Dataset content:
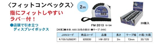 【商品名】(業務用12個セット) CK フィットコンベックス/メジャー 【長さ:2m】 ラバー付き 13-124 FM-2013 〔DIY用品/大工道具〕
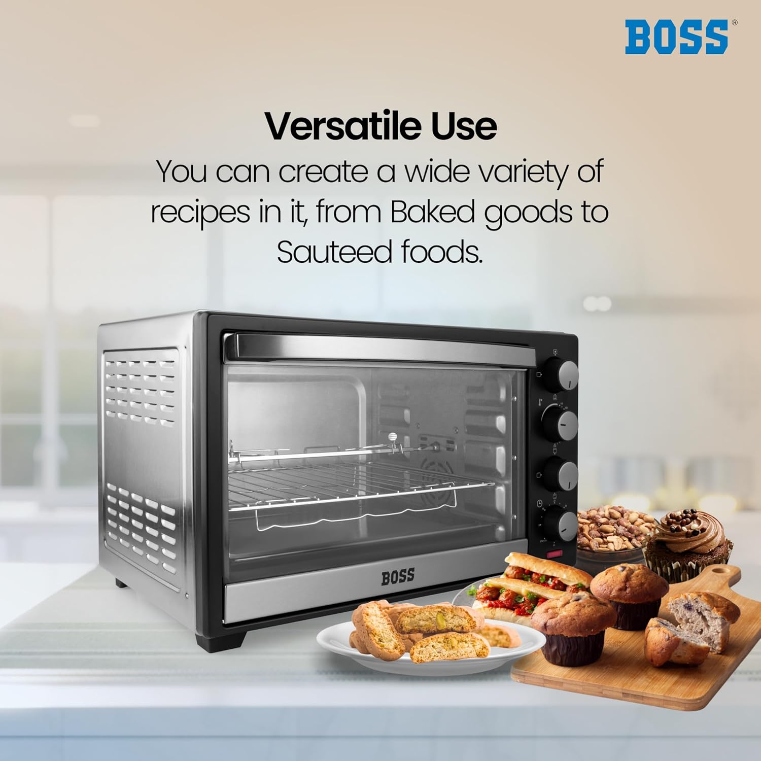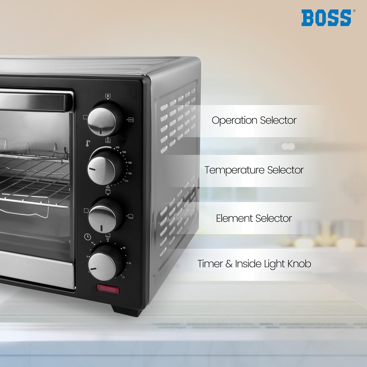 Discover a delicious and healthier way of cooking with this 25L BOSS Delish Oven Toaster Griller. Load your favourite delicacy onto the non-stick baking tray or motorized rotisserie for grilling. Be it Indian, Italian, Mexican or a dish of any other country that you have a hankering for, this OTG virtually transforms your kitchen into a world kitchen. Its 25 litres capacity allows you to experiment with just about any culinary delight. A Stay On function keeps all that you have prepared warm and fresh until it is served.
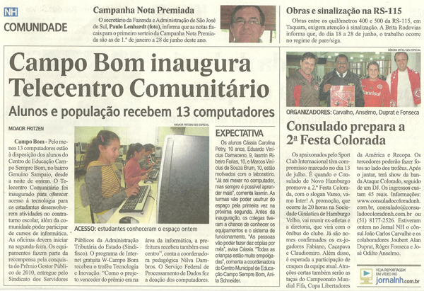 A Festa Colorada que o consulado de Novo Hamburgo está preparando foi destaque nos jornais NH e Canudos, da região. Os veículos divulgaram a venda de ingressos para o evento que acontece dia 13 de julho e o tralho que vem sendo realizado pelos colorados da unidade do Inter no Vale do Sinos.

To do: Only the lines from the one that holds "Discover a delicious" through the final line of the material should be reproduced, word for word, with the pictures omitted.

Answer space:
 Discover a delicious and healthier way of cooking with this 25L BOSS Delish Oven Toaster Griller. Load your favourite delicacy onto the non-stick baking tray or motorized rotisserie for grilling. Be it Indian, Italian, Mexican or a dish of any other country that you have a hankering for, this OTG virtually transforms your kitchen into a world kitchen. Its 25 litres capacity allows you to experiment with just about any culinary delight. A Stay On function keeps all that you have prepared warm and fresh until it is served.
 A Festa Colorada que o consulado de Novo Hamburgo está preparando foi destaque nos jornais NH e Canudos, da região. Os veículos divulgaram a venda de ingressos para o evento que acontece dia 13 de julho e o tralho que vem sendo realizado pelos colorados da unidade do Inter no Vale do Sinos.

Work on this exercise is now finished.